* [Exercise requirements]:
Copy out the records precisely, omitting pictures.

[Start of section]

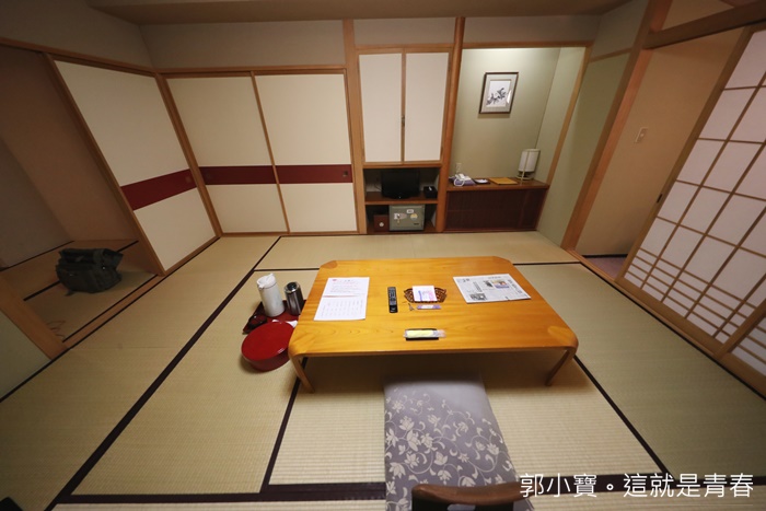 房間還滿大的,提供給我們的是主要的雙人房型,因為日本旅館基本上都是算人頭的,基本上進來的時候都還是完整著狀態,飯店會趁妳去洗溫泉或是吃飯的時候進來舖床。
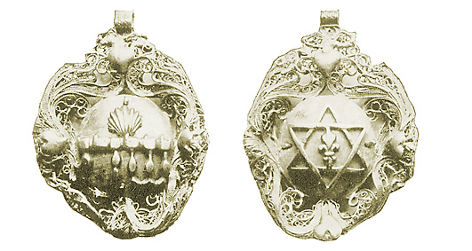 Серебряный медальон со словом «Шаддай» (שדי - `Всемогущий`) на лицевой стороне и Маген-Давидом с лилией на оборотной. Еврейская энциклопедия (СПб., 1908–1913).
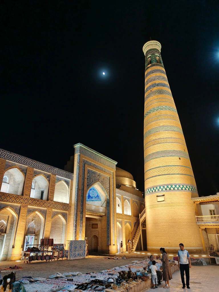Infine, arriviamo a Khiva in serata e la prima impressione è quella di essere finalmente arrivati nell’Uzbekistan che ho sempre sognato! Sembra tutto perfetto, soggiorniamo al Tosh Darvoza, un hotel gestito da un simpaticissimo proprietario con il suo gatto, una camera magnifica (con upgrade gratuito) e abbiamo cenato in un clima finalmente amichevole (finché non è arrivata la pioggia), con vista su un minareto meraviglioso. E in più la città è piena di gatti, finora quasi non pervenuti! Good vibes!
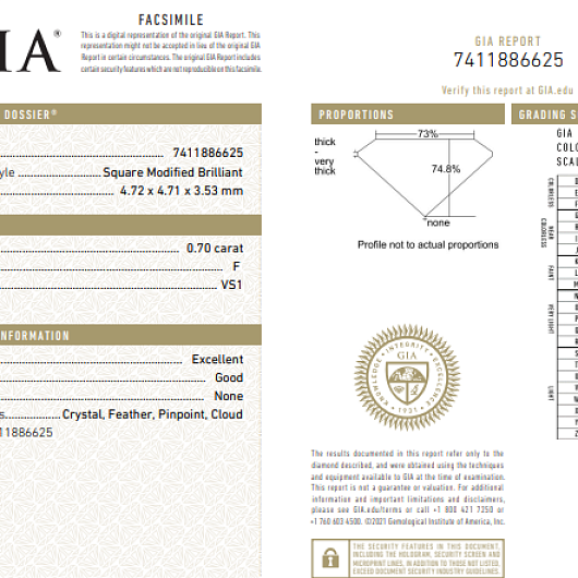 Природный бриллиант 0.70 Ct, F/VS1 огранка "Принцесса" GIA
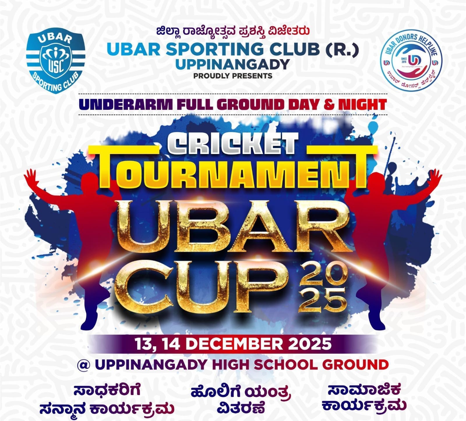 ಸಮಾಜ ಸೇವಾ ಕ್ಷೇತ್ರದಲ್ಲಿ ಮಾಡಿದ ಸೇವೆಯನ್ನು ಗುರುತಿಸಿ 2025ನೇ ಸಾಲಿನ ದಕ್ಷಿಣ ಕನ್ನಡ ಜಿಲ್ಲಾ ಮಟ್ಟದ ರಾಜ್ಯೋತ್ಸವ ಪ್ರಶಸ್ತಿಗೆ ಆಯ್ಕೆಯಾದ ಉಪ್ಪಿನಂಗಡಿಯ ಹೆಮ್ಮಯ ಗರಿ ಉಬಾರ್ ಸ್ಪೋರ್ಟಿಂಗ್ ಕ್ಲಬ್ (ರಿ.)ವತಿಯಿಂದ ಡಿ.13, 14: ರಂದು ಜಿಲ್ಲಾ ಮಟ್ಟದ ‘ಉಬಾರ್ ಕಪ್’ ಕ್ರಿಕೆಟ್ ಪಂದ್ಯಾಟ ನಡೆಯಲಿದೆ.

[End of section]

* [Solution to this task]:
 房間還滿大的,提供給我們的是主要的雙人房型,因為日本旅館基本上都是算人頭的,基本上進來的時候都還是完整著狀態,飯店會趁妳去洗溫泉或是吃飯的時候進來舖床。
 Серебряный медальон со словом «Шаддай» (שדי - `Всемогущий`) на лицевой стороне и Маген-Давидом с лилией на оборотной. Еврейская энциклопедия (СПб., 1908–1913).
Infine, arriviamo a Khiva in serata e la prima impressione è quella di essere finalmente arrivati nell’Uzbekistan che ho sempre sognato! Sembra tutto perfetto, soggiorniamo al Tosh Darvoza, un hotel gestito da un simpaticissimo proprietario con il suo gatto, una camera magnifica (con upgrade gratuito) e abbiamo cenato in un clima finalmente amichevole (finché non è arrivata la pioggia), con vista su un minareto meraviglioso. E in più la città è piena di gatti, finora quasi non pervenuti! Good vibes!
 Природный бриллиант 0.70 Ct, F/VS1 огранка "Принцесса" GIA
 ಸಮಾಜ ಸೇವಾ ಕ್ಷೇತ್ರದಲ್ಲಿ ಮಾಡಿದ ಸೇವೆಯನ್ನು ಗುರುತಿಸಿ 2025ನೇ ಸಾಲಿನ ದಕ್ಷಿಣ ಕನ್ನಡ ಜಿಲ್ಲಾ ಮಟ್ಟದ ರಾಜ್ಯೋತ್ಸವ ಪ್ರಶಸ್ತಿಗೆ ಆಯ್ಕೆಯಾದ ಉಪ್ಪಿನಂಗಡಿಯ ಹೆಮ್ಮಯ ಗರಿ ಉಬಾರ್ ಸ್ಪೋರ್ಟಿಂಗ್ ಕ್ಲಬ್ (ರಿ.)ವತಿಯಿಂದ ಡಿ.13, 14: ರಂದು ಜಿಲ್ಲಾ ಮಟ್ಟದ ‘ಉಬಾರ್ ಕಪ್’ ಕ್ರಿಕೆಟ್ ಪಂದ್ಯಾಟ ನಡೆಯಲಿದೆ.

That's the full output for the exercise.